Herr Thoma, die deutschen Skispringer können mit dem Saisonstart nicht zufrieden sein. Wieso konnten die Athleten noch nicht vorne mitspringen?
Dieter Thoma: Mich hat es selbst auch sehr gewundert. Ich habe die unmittelbare Vorbereitung gesehen und da sah es deutlich besser aus, im Wettkampf hat es einfach nicht mehr hingehauen. Sie sind schlecht gestartet, hatten zu schlecheren Sprüngen auch mit dem Wind keinen positiveren Wettkampfverlauf. Allerdings muss man das auch von Sportler zu Sportler differenziert sehen. Für Severin Freund beispielsweise war es der beste Weltcupauftakt, den er je hatte! Bei denjenigen, die schlechter als gewohnt starten, fragt man sich natürlich, warum das der Fall ist, und so kann mann schon mal in einen Negativstrudel geraten. Da ist es nicht so einfach ist, wieder herauszukommen. Dass sie springen können, haben sie im Training, in den Qualifikationen und in einigen Wettkampfsprüngen gezeigt. In Engelberg hat es dann am Sonntag auch im Wettkampf geklappt. Trotzdem sieht der Leistungsstand im Moment so aus, dass wir ganz nach vorne keinen Siegspringer haben, aber die Top Ten und einzelne Überraschungen sind auf jeden Fall drin.

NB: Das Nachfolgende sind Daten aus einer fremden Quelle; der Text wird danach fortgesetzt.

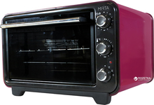 Электрическая (ростерная) духовка MO-0036R объем камеры 36 л; мощность 1420 Вт; двойная термоизоляция; широкое термостойкое стекло; эмаль; регулировка температуры: 40-320C; 3 режима нагрева; 2 противня: прямоугольный и круглый; решетка-гриль; вес нетто/брутто (кг): 7/8,6; размер упаковки (ШхГхВ), см: 53х44х36; цвет: красно-бордовый
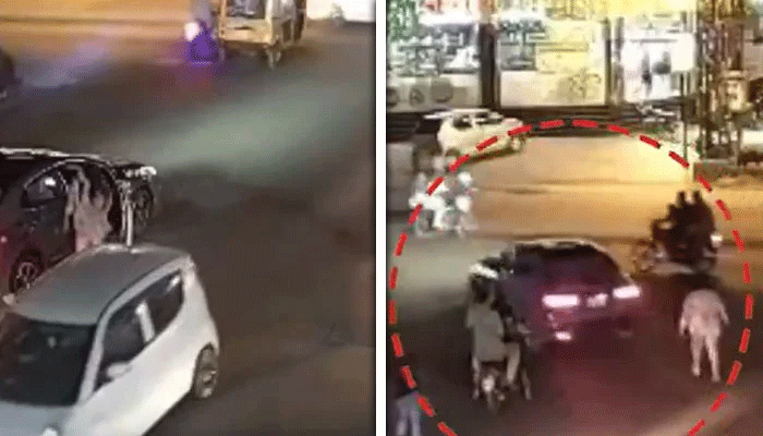 👀 خاتون نے دیکھنے کے لیے گاڑی سے باہر نکلی تو ایک ملزم گاڑی میں بیٹھ گیا pic.twitter.com/jp7dx1ojD1

Werner Schuster hat ja speziell Michael Neumayer, Michael Uhrmann und Martin Schmitt herausgegriffen und gesagt, dass sie bei der Tournee bessere Leistungen zeigen müssen. Was kann man gerade von diesen arrivierten Springern bei der Vierschanzentournee erwarten?
Thoma: Es müssen natürlich alle Springer versuchen, ihre bestmögliche Leistung zu zeigen. Nach Garmisch-Partenkirchen wird sich dann entscheiden, welche Sportler nach Innsbruck weiterfahren dürfen. Das geht dann nach Ergebnissen. Neumayer muss versuchen, zu alter Stärke zurückzufinden. Er kann unter die besten 15 springen und ist für uns ein sehr wertvoller Springer. Auch bei Uhrmann kann man nur hoffen, dass er wieder zu sich findet. Von ihm habe ich bisher leider noch keinen richtig guten Sprung gesehen. Das macht mich ein bisschen nachdenklich und tut mir persönlich für ihn sehr Leid, weil er nach der schweren Verletzung wirklich hart gekämpft hat. Für einen Springer, der schon so lange dabei ist, ist es natürlich schwer, sich von jetzt auf nachher im Training umzustellen - vor allem, wenn er vor seiner wahrscheinlich letzten Saison steht. Von Schmitt habe ich im Training schon gute Sprünge gesehen, aber nichts, was er nicht auch in vergangenen Jahren zu leisten vermochte. 2009 war er ja Vizeweltmeister und Vierter bei der Vierschanzentournee – da war er in der Weltklasse zurück, aber jetzt scheint es wieder in die falsche Richtung zu gehen. Ich weiß aber, dass er alles daran setzt und wirklich alles gibt, damit er wieder vorne mitmischen kann.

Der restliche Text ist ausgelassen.